Trevor L. Vernon and his company, Argent Capital Management LLC, are the defendants. The complaint was filed in the US District Court for the Western District of North Carolina.
The alleged scheme
According to the CFTC’s complaint, Vernon and ACM operated as a commodity pool, collecting funds from at least 60 participants between March 2022 and February 2026. That’s nearly four years of allegedly telling investors their money was growing when it was actually shrinking.
Vernon allegedly made false claims about his trading success and distributed fabricated performance reports that painted a rosy picture of the pool’s profitability. The CFTC alleges the operation functioned as a Ponzi-like scheme, using funds from newer investors to pay returns to earlier participants.
The complaint also alleges that Vernon provided false testimony under oath during the CFTC’s investigation. The CFTC also claims Vernon failed to register as required under the Commodity Exchange Act, which governs who can operate commodity pools and solicit participants.

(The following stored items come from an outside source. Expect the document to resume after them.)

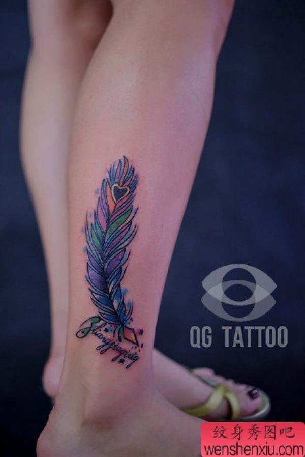 女生腿部唯美好看的彩色羽毛与字母纹身图案
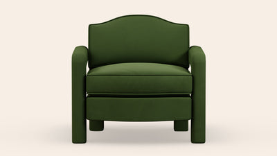 Ceraudo's Elio armchair is inspired by both modern and traditional silhouettes. We wanted to design a shape that exposes the key parts of its structure and provides a simple canvas for the upholstery to do all the talking. The inclusion of a traditional camelback detail also softens the structural aesthetic. The curved lines and soft edges were designed to complement the painterly Orpha print, however the style works equally well with a plain or simple print fabric.
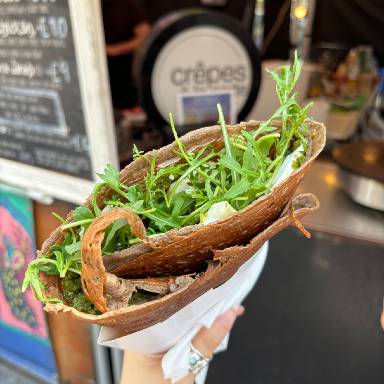 음식은 물론, 디저트에 커피와 칵테일 등의 음료까지 푸드트럭이 줄지어 있었다. 한참을 구경하다 염소치즈 크레페와 철판 닭구이를 골랐다.
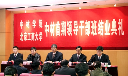1月7日,中國中材集團委托北京工商大學繼續教育學院舉辦的中國中材集團領導干部培訓班結業典禮在我校西區舉行。李朝鮮副校長與中國中材集團總經理譚仲明、黨委書記于世良出席結業典禮并向學員們頒發了結業證書和優秀學員證書。
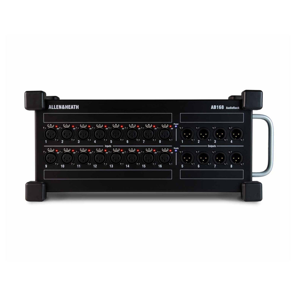 • Durable and portable 240X stage box • 16 configurable XLR inputs • 8 assignable XLR outputs • Features a convenient carry handle and rubber bumpers, Introducing the Allen and Heath AB1608 digital stage box AB168 is a 48kHz portable remote AudioRack for use with Qu, Avantis and SQ mixers, and with the AHM-64 audio matrix processor. Featuring 16 mic preamps with Phantom Power indicators and 8 XLR line outs, AB168 runs on Allen & Heath’s proprietary dSNAKE protocol. Adding the AB168 to a compatible system allows some or all I/O to be positioned up to 100m from the mixer. The unit connects over a single Cat5 cable to the mixer or AR2412 AudioRack via a secure dSNAKE EtherCon port. A second EtherCon port is provided for daisy-chaining to another AB168 box or connection of a ME personal mixing system. AB168 auto updates its firmware to synchronise with the system. The rack’s rugged design, including rubber bumpers, renders it highly roadworthy and allows it to be placed on the stage floor during performances. Weighing in at just 4.8kg and featuring a sturdy carry handle, AB168 is also designed for maximum convenience and portability. What’s in the box? - 1 x Powercon Link cable - 1 x Short 13A to PowerCon cable - 1 x CAT6 Ethernet cable 30m on drum

The CFTC is seeking restitution for defrauded investors, disgorgement of any ill-gotten profits, civil penalties, and permanent bans preventing Vernon from trading or managing futures positions.
What this means for investors
$14 million spread across 60-plus investors means the average individual exposure was somewhere around $230K per participant. These were likely individuals who trusted Vernon with a meaningful portion of their savings.
Fabricated performance reports are the hallmark of commodity pool fraud. If an operator can’t or won’t provide independently audited returns from a recognized third-party administrator, that’s a red flag.
The Commodity Exchange Act requires commodity pool operators to register with the CFTC and become members of the National Futures Association. Vernon allegedly didn’t do this. Checking an operator’s registration status is free and takes about 30 seconds on the NFA’s BASIC database. It’s the single easiest due diligence step an investor can take, and it would have flagged this operation immediately.